This is episode seven of The Vibecoder's Guide to Postgres. Last time we talked about migrations, the terrifying art of changing a table while people are using it. Today we are going deeper. Past the schema, past the queries, into the guarantees that make a database a database. This is the ACID trip. And it starts with a question that sounds simple but is not. What is a transaction?

What Is a Transaction

Imagine you are transferring money. A hundred dollars from your checking account to your savings account. This requires two operations. Subtract a hundred from checking. Add a hundred to savings. Now imagine the power goes out between those two operations. After the subtract, before the add. A hundred dollars just disappeared from the universe. Your checking account is a hundred dollars lighter. Your savings account never got the deposit. The bank's books are wrong, and nobody can figure out where the money went.

This is the problem that Jim Gray formalized in nineteen eighty-one. He was working at Tandem Computers by then, after a decade at IBM, and he wrote a paper called "The Transaction Concept: Virtues and Limitations." In it, he gave the world a definition.

A transaction is a transformation of state which has the properties of atomicity, all or nothing, durability, effects survive failures, and consistency, a correct transformation.

All or nothing. That is the core of it. The two operations, subtract and add, are not two separate actions. They are one indivisible unit. Either both happen, or neither happens. If the power goes out, if the disk fails, if the software crashes, the database rolls everything back to where it was before the transaction started. Your money is either in checking or in both accounts. It is never in neither.

In PostgreSQL, you spell this out with three words. BEGIN starts a transaction. COMMIT makes it permanent. ROLLBACK undoes everything since BEGIN. Any SQL you run between BEGIN and COMMIT is treated as a single atomic unit. If anything fails, if any constraint is violated, if you explicitly roll back, every change disappears as if it never happened. The database lies to the rest of the world while you work. Other connections do not see your uncommitted changes. And if you crash before committing, those changes evaporate.

Here is the thing that most vibecoders do not realize. If you just run an INSERT or UPDATE without explicitly typing BEGIN, PostgreSQL wraps it in an implicit transaction automatically. Every single statement is atomic by default. The danger comes when you need multiple statements to be atomic together, and you forget to wrap them in a transaction. Two separate UPDATE statements, one after the other, are two separate transactions. If you crash between them, you get one without the other. The money disappears.

ACID Unpacked

Gray defined three of the four properties. Atomicity, consistency, and durability. Two years later, in nineteen eighty-three, two German computer scientists named Theo Harder and Andreas Reuter published a paper called "Principles of Transaction-Oriented Database Recovery." They added a fourth property, isolation, and coined the acronym that stuck. ACID. Atomicity, Consistency, Isolation, Durability. Four letters that define what separates a database from a spreadsheet saved to a thumb drive.

Let us walk through each one. Not as textbook definitions, but as stories about what goes wrong without them.

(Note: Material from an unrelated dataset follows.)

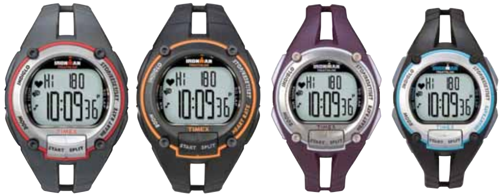
T5K211 • $299.00

Atomicity. We already covered this with the bank transfer. All or nothing. But the real-world examples are more subtle than moving money. Think about creating a user account. You insert a row into the users table, then insert a row into the user_preferences table with their default settings, then insert a row into the audit_log table recording the signup. Three inserts. If the third one fails because the audit table has a constraint violation, you do not want a user with no audit trail. You do not want preferences floating around for a user that was never fully created. All three succeed, or none of them do. Atomicity.

Consistency. This one is the most misunderstood of the four. It does not mean what you probably think it means. Consistency in ACID means that a transaction moves the database from one valid state to another valid state. "Valid" here means all the rules you have defined are satisfied. Foreign keys point to rows that exist. Unique constraints are not violated. Check constraints pass. If your transaction would leave the database in a state where a foreign key points to nothing, PostgreSQL will reject the entire transaction. It is the database enforcing its own rules.

This is different from the C in CAP theorem, which is about distributed systems and whether all replicas agree on the same value. Different concept, same letter, endless confusion.

Isolation. This is where things get genuinely weird. Imagine two people editing the same document at the same time. Without isolation, they would see each other's half-finished work, overwrite each other's changes, and end up with a mess. Isolation means that concurrent transactions appear to execute as if they were running one after another, even though they are actually running simultaneously. Each transaction sees a consistent view of the database, as if it had the whole thing to itself.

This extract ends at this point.